Ausbildungsmisere: Die Guten dürfen an den Herd
Hunderte Betriebe suchen nach Azubis, tausende Jugendliche nach einer Lehrstelle. Die IHK erklärt dies mit der schlechten Qualifikation der Bewerber.
Wenige Tage vor Beginn des neuen Lehrjahres am 1. September suchen viele Betriebe noch immer nach geeigneten Auszubildenden. Laut den aktuellen Zahlen der Landesagentur für Arbeit gibt es in Berlin 2.901 freie Lehrstellen, das ist rund ein Drittel mehr als im Vorjahr.
Am stärksten von dem Mangel betroffen seien die Branchen Gastronomie, Metallindustrie und Technik/IT; gesucht würden außerdem Bürofachkräfte, sagt Olaf Möller, Sprecher der Landesarbeitsagentur. Die Zahlen überraschen. Denn zugleich suchen nach wie vor 8.056 Schulabgänger einen Ausbildungsplatz. Darunter befinden sich rund 2.400 Altbewerber, die bereits im vergangenen Jahre nicht zum Zuge kamen.

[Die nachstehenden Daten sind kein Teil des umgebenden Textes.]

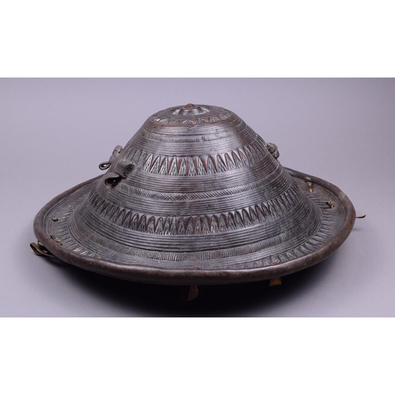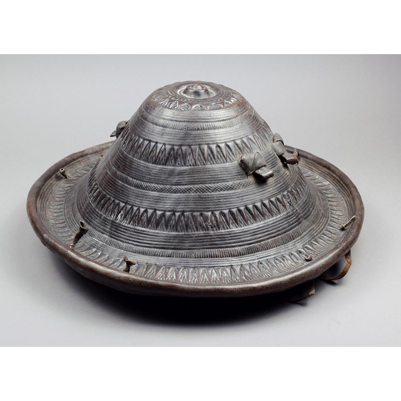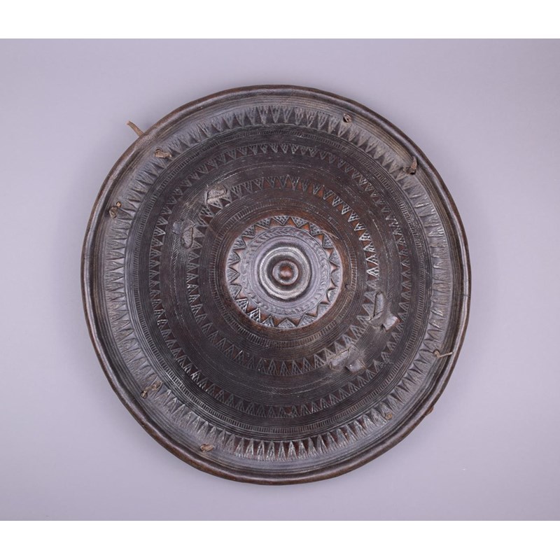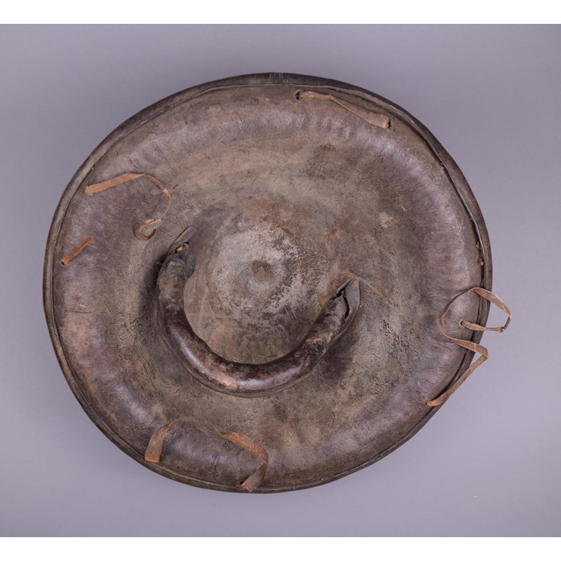 hide, with a central boss and with linear and chevron decoration, with a stitched hide loop handle,
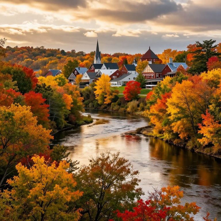 Connecticut autumn landscape with vibrant fall foliage, winding river reflecting colorful trees, cozy small town architecture in the background, soft golden sunlight filtering through clouds, hyper-realistic style with detailed textures and vivid colors.
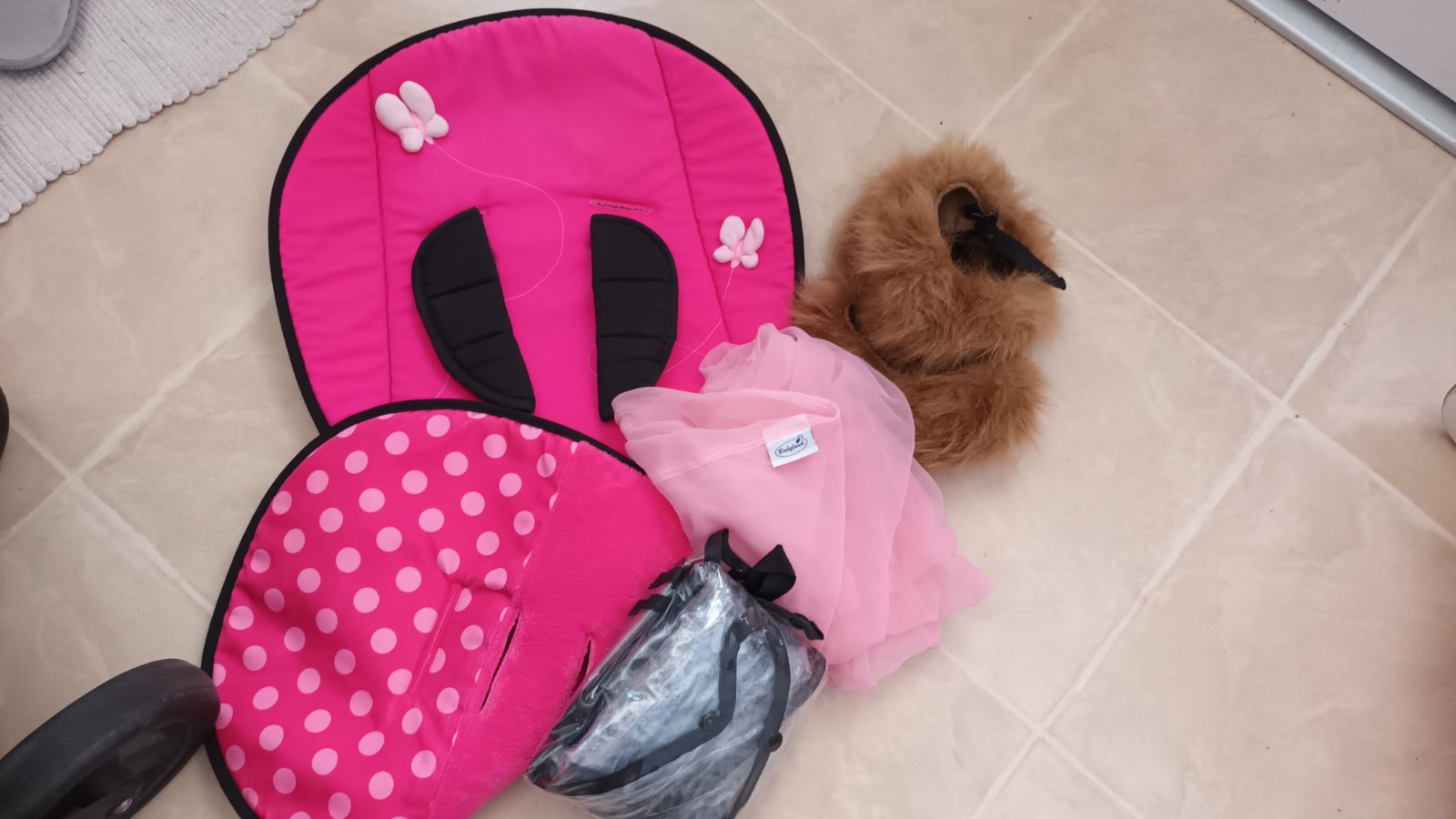 Prikladám obojstrannú podložku, prsiplášť, kožušinku na striešku a ružovú sieťku proti hmyzu

"Der Ausbildungsstellenmarkt ist derzeit sehr entspannt", so Möller. Wer bisher nur negative Antworten bekommen hat, solle sich auf jeden Fall weiter bewerben, rät er. "Die Chancen stehen sehr gut, noch einen der freien Plätze zu bekommen."
Holger Lunau, Sprecher der Berliner Industrie- und Handelskammer (IHK), sieht vor allem zwei Gründe für den derzeitigen Bewerbermangel. Viele Unternehmen würden aufgrund der Konjunkturlage wieder mehr Lehrstellen anbieten. Bereits im vergangenen Jahr habe die Zahl der angebotenen Stellen eine Rekordhöhe erreicht. Diese Entwicklung habe sich in diesem Jahr fortgesetzt.
Zugleich weist IHK-Sprecher Lunau darauf hin, dass es wegen der demografischen Entwicklung in den nächsten Jahren immer weniger Schulabgänger geben werde. Waren es im vergangenen Jahr noch rund 33.470 Schulabgänger, wird die Zahl bis 2011 auf etwa 26.700 zurückgehen, so Lunau. "Die Berliner Wirtschaft muss sich in den nächsten Jahren auf einen starken Rückgang einstellen."
Warum trotz der vielen offenen Lehrstellen viele Bewerber auch in diesem Jahr keinen Platz bekommen werden, begründet der IHK-Sprecher mit der mangelnden Qualifikation vieler Bewerber. 10 Prozent der Berliner gingen sogar ganz ohne Schulabschluss von der Schule, kritisiert Holger Lunau. Zugleich würden die Ansprüche gerade im IT-Bereich steigen. "Denen werden die Berliner Schulen nicht gerecht."
"Alles Quatsch", sagt hingegen Daniel Wucherpfennig, Bezirkssekretär der DGB-Jugend Berlin/Brandenburg. Gerade bei der heutigen Jugend gebe es diese Technikscheu nicht, sagt Wucherpfennig. Im Gegenteil: Die Praxis habe gezeigt, dass die Einarbeitung in neue technische Abläufe bei Jugendlichen viel schneller gehe als bei Erwachsenen, die bereits seit Jahrzehnten im Betrieb sind.
Wucherpfennig kritisiert, dass es bei den Unternehmern in den vergangenen Jahren die Tendenz gegeben habe, die Plätze vor allem an überqualifizierte Abiturienten zu vergeben. "Berliner Betriebe müssen sich daran gewöhnen, dass sie sich wieder mehr auf die eigentliche Ausbildungsklientel konzentrieren müssen." Und das seien nun einmal die Haupt- und Realschüler.
Der angebliche Fachkräftemangel, den die IHK heraufbeschwört, diene doch bloß dazu, von den eigenen Versäumnissen abzulenken, sagt der DGB-Jugendsekretär. Unternehmen würden zunehmend fertige Mitarbeiter als Lehrlinge erwarten. Dabei sei es doch eben ihre Aufgabe, die jungen Leute fit für den Arbeitsmarkt zu machen.